Req 8a5 — Transceivers & Repeaters
Types of Transceivers
| Feature | Handheld (HT) | Mobile | Base Station |
|---|---|---|---|
| Size | Fits in one hand | Fits under a car dashboard | Desktop unit, often with separate components |
| Power | 1–8 watts | 25–75 watts | 100–1,500 watts (with amplifier) |
| Antenna | Small “rubber duck” or whip antenna | Vehicle-mounted antenna (mag-mount or permanent) | Outdoor antenna on mast or tower |
| Power source | Rechargeable battery | Vehicle battery (12V DC) | AC power supply |
| Typical bands | VHF/UHF (2m, 70cm) | VHF/UHF and/or HF | HF, VHF, UHF — full range |
| Range (simplex) | 1–5 miles (terrain dependent) | 5–30 miles | 30+ miles (VHF) to worldwide (HF) |
| Best for | Hiking, events, emergencies, portable use | Travel, commuting, mobile operation | Home station, DXing, contests |
Handheld Transceivers (HTs)
The most portable option. Every new Technician class ham typically starts with an HT. They’re ideal for local communication, repeater access, public service events, and emergency go-bags.

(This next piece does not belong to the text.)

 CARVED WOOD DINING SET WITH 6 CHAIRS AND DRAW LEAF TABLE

The main limitation is low power and a small, inefficient antenna.
Mobile Transceivers
Designed to mount in a vehicle. Higher power and a better antenna location (roof-mounted) give significantly better range than an HT. Many hams operate mobile during their commute.
Base Stations
The full-capability station at home. A base station can include an HF transceiver for worldwide communication, a high-gain antenna system, and amplifiers. This is where serious DXing, contesting, and experimentation happen.
Amateur Radio Repeaters
A repeater is an automated station, usually located on a hilltop or tall building, that receives a signal on one frequency and simultaneously retransmits it on another frequency at much higher power and from a much better location. This dramatically extends the range of low-power handheld and mobile radios.
How Repeaters Work
- You transmit on the repeater’s input frequency (e.g., 146.340 MHz).

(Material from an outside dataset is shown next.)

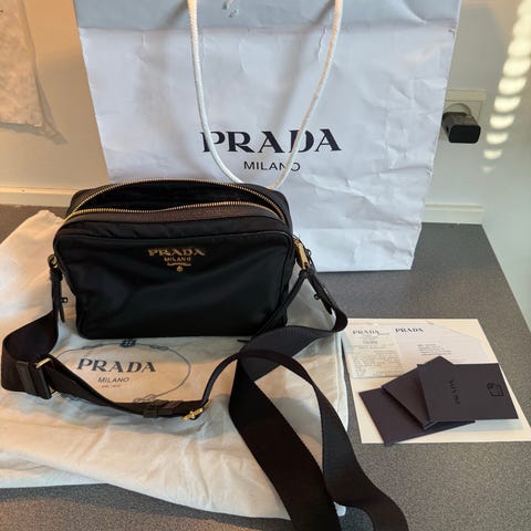 Prada taske i sort farve fremstillet af andre materialer. Tasken inkluderer en justerbar skulderrem og en kort kædehåndtag. Der medfølger en lille separat pung i samme materiale og farve. Designet til kvinder.

- The repeater receives your signal, amplifies it, and retransmits it on the output frequency (e.g., 146.940 MHz) — typically with 50–100 watts from a hilltop antenna.
- Other operators listen on the output frequency and hear your signal clearly, even if they’re 30–50 miles away.

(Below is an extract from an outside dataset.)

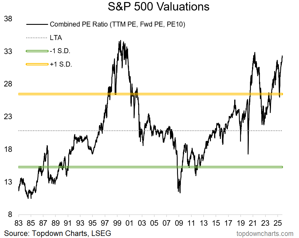 4. Lofty Heights: One point against that is the combined PE ratio (average of trailing 12m PE, forward 12m PE, and PE10 — intended to try accentuate signal vs noise and overcome the shortcomings vs strengths of each of those 3 methods) has reached its third highest point in recent history outside of the dot com bubble and 2021 stimmy bubblet. Not good company.

The difference between input and output frequencies is called the offset (typically +/- 600 kHz on 2 meters).
Why Repeaters Matter
Without repeaters, two handheld radios on VHF might only communicate 1–3 miles apart on flat terrain. Through a repeater, those same radios can communicate 30–50 miles or more. Repeaters are the backbone of local amateur radio communication.